Мечты Николеньки. Худ. Борис Диодоров

Я не плакал, но что-то тяжелое, как камень, лежало у меня на сердце. Мысли и представления с усиленной быстротой проходили в моем расстроенном воображении; но воспоминание о несчастии, постигшем меня, беспрестанно прерывало их причудливую цепь, и я снова входил в безвыходный лабиринт неизвестности о предстоящей мне участи, отчаяния и страха.

То мне приходит в голову, что должна существовать какая-нибудь неизвестная причина общей ко мне нелюбви и даже ненависти. (В то время я был твердо убежден, что все, начиная от бабушки и до Филиппа кучера, ненавидят меня и находят наслаждение в моих страданиях.) «Я должен быть не сын моей матери и моего отца, не брат Володи, а несчастный сирота, подкидыш, взятый из милости», — говорю я сам себе, и нелепая мысль эта не только доставляет мне какое-то грустное утешение, но даже кажется совершенно правдоподобною. Мне отрадно думать, что я несчастен не потому, что виноват, но потому, что такова моя судьба с самого моего рождения и что участь моя похожа на участь несчастного Карла Иваныча.

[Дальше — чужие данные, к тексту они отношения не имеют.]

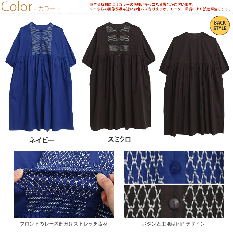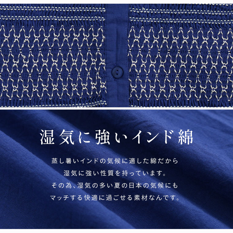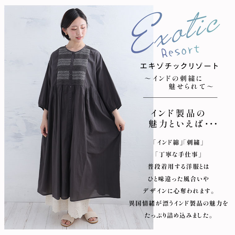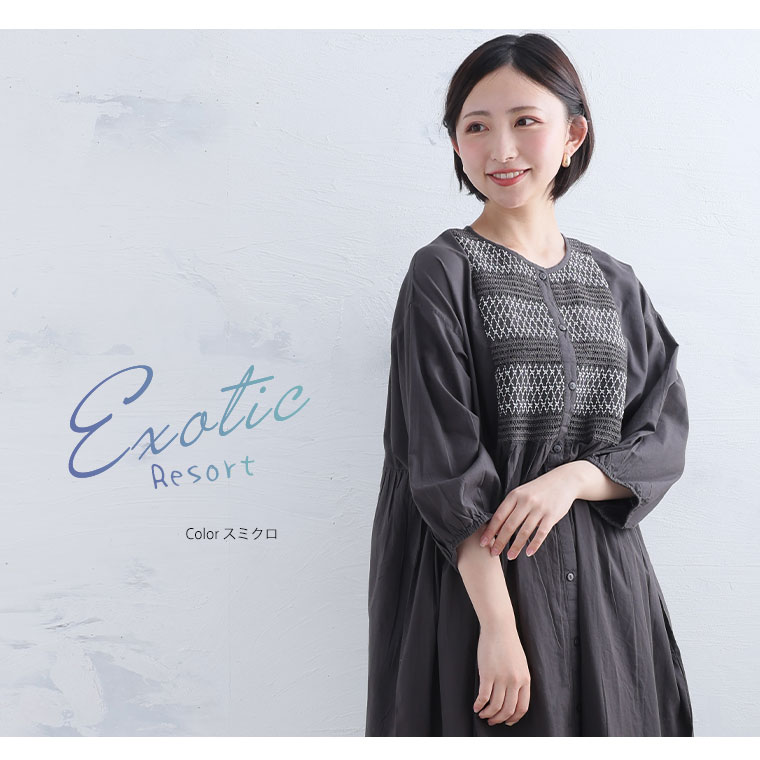 【エキゾチックリゾート】さらり快適な着心地 配色シャーリング使いワンピース
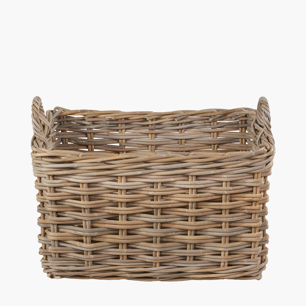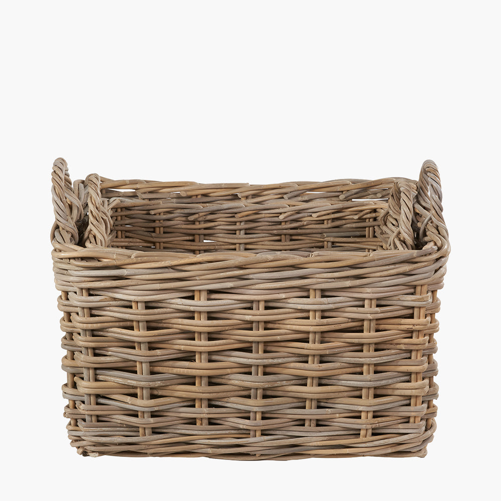 Transform your home with our tobs�� set of 2 rectangular Kubu rattan log baskets. Crafted in Indonesia from sturdy rattan and with convenient handles, these storage baskets are perfect for organising logs, blankets, magazines, and more. Bring a touch of rustic charm to any room with these stackable baskets in a grey hue, that will suit any interior.
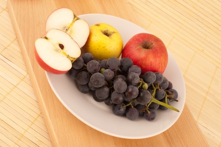 Plate with apple and grape on a wooden table for vegetarian breakfast
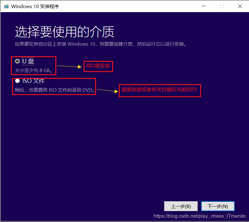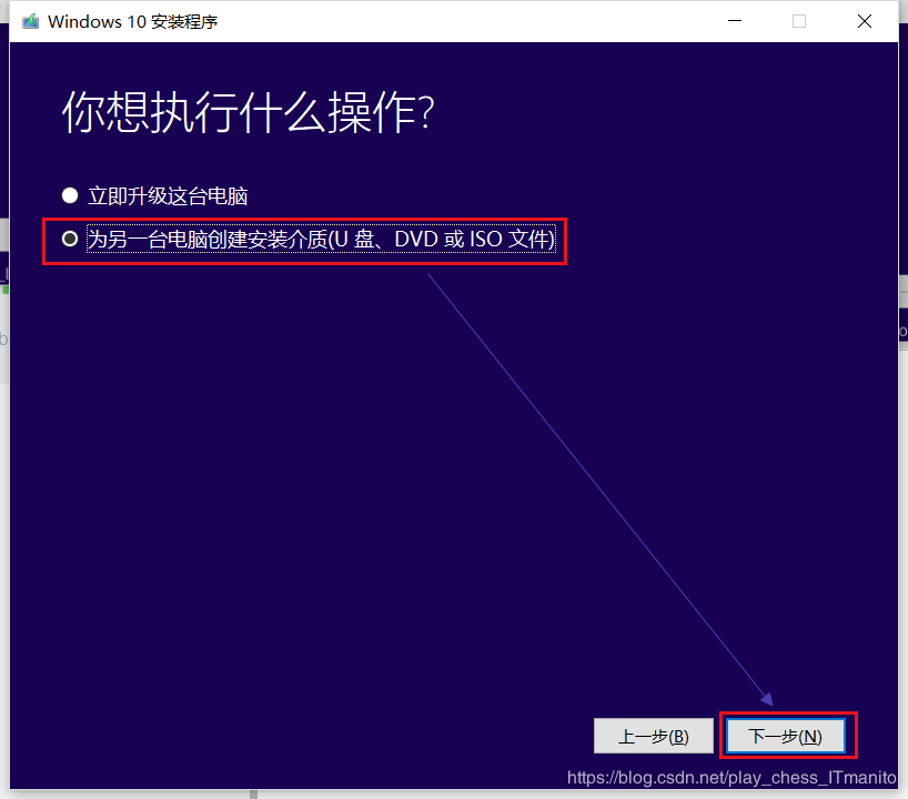 第一项是在线升级不用管,选择第二项为另一台电脑创建安装介质(一定要选第二项,第一项是直接升级,只会下载升级包)
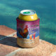 Funny Rooster Chicken Drinking Tropical Beach Name Can Cooler
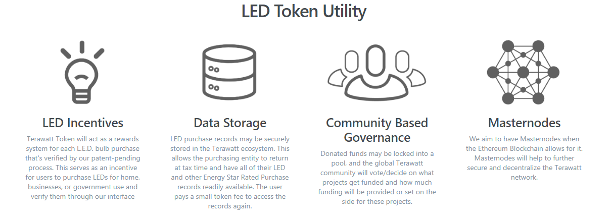 The Terawatt Token will be used as an incentives, it will also serve as a reward system for each L.E.D. bulb purchased,
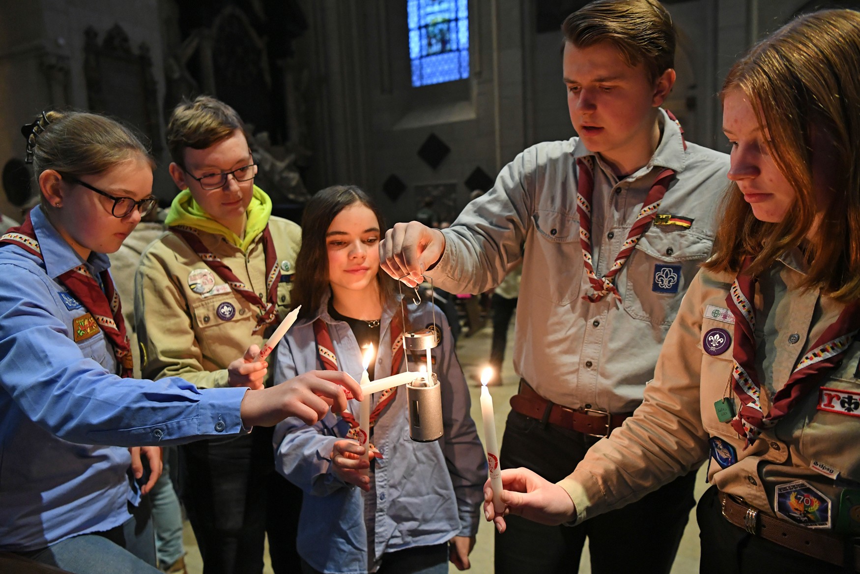 Die bistumsweite ökumenische Aussendungsfeier findet am Sonntag, 14. Dezember 2025 um 15:00 Uhr im St. Paulus Dom in Münster statt. Zur Feier unter dem Motto „Ein Funke Mut“ werden rund 2.000 Pfadfinderinnen und Pfadfinder erwartet, die das Licht in den kommenden Wochen im gesamten Bistum verteilen.

«Но зачем дальше скрывать эту тайну, когда я сам уже успел проникнуть ее? — говорю я сам себе, — завтра же пойду к папа и скажу ему: «Папа! напрасно ты от меня скрываешь тайну моего рождения; я знаю ее». Он скажет: «Что ж делать, мой друг, рано или поздно ты узнал бы это, — ты не мой сын, но я усыновил тебя, и ежели ты будешь достоин моей любви, то я никогда не оставлю тебя»; и я скажу ему: «Папа, хотя я не имею права называть тебя этим именем, но я теперь произношу его в последний раз, я всегда любил тебя и буду любить, никогда не забуду, что ты мой благодетель, но не могу больше оставаться в твоем доме. Здесь никто не любит меня, a St.-Jérôme поклялся в моей погибели. Он или я должны оставить твой дом, потому что я не отвечаю за себя, я до такой степени ненавижу этого человека, что готов на все. Я убью его», — так и сказать: «Папа, я убью его». Папа станет просить меня, но я махну рукой, скажу ему: «Нет, мой друг, мой благодетель, мы не можем жить вместе, а отпусти меня», — и я обниму его и скажу ему, почему-то по-французски: «Oh mon père, oh mon bienfaiteur, donne moi pour la dernière fois ta bénédiction et que la volonté de Dieu soit faite!» (О мой отец, о мой благодетель, дай мне в последний раз свое благословление, и да совершится воля Божия! — с франц. — В. Р.) И я, сидя на сундуке в темном чулане, плачу навзрыд при этой мысли. Но вдруг я вспоминаю постыдное наказание, ожидающее меня, действительность представляется мне в настоящем свете, и мечты мгновенно разлетаются.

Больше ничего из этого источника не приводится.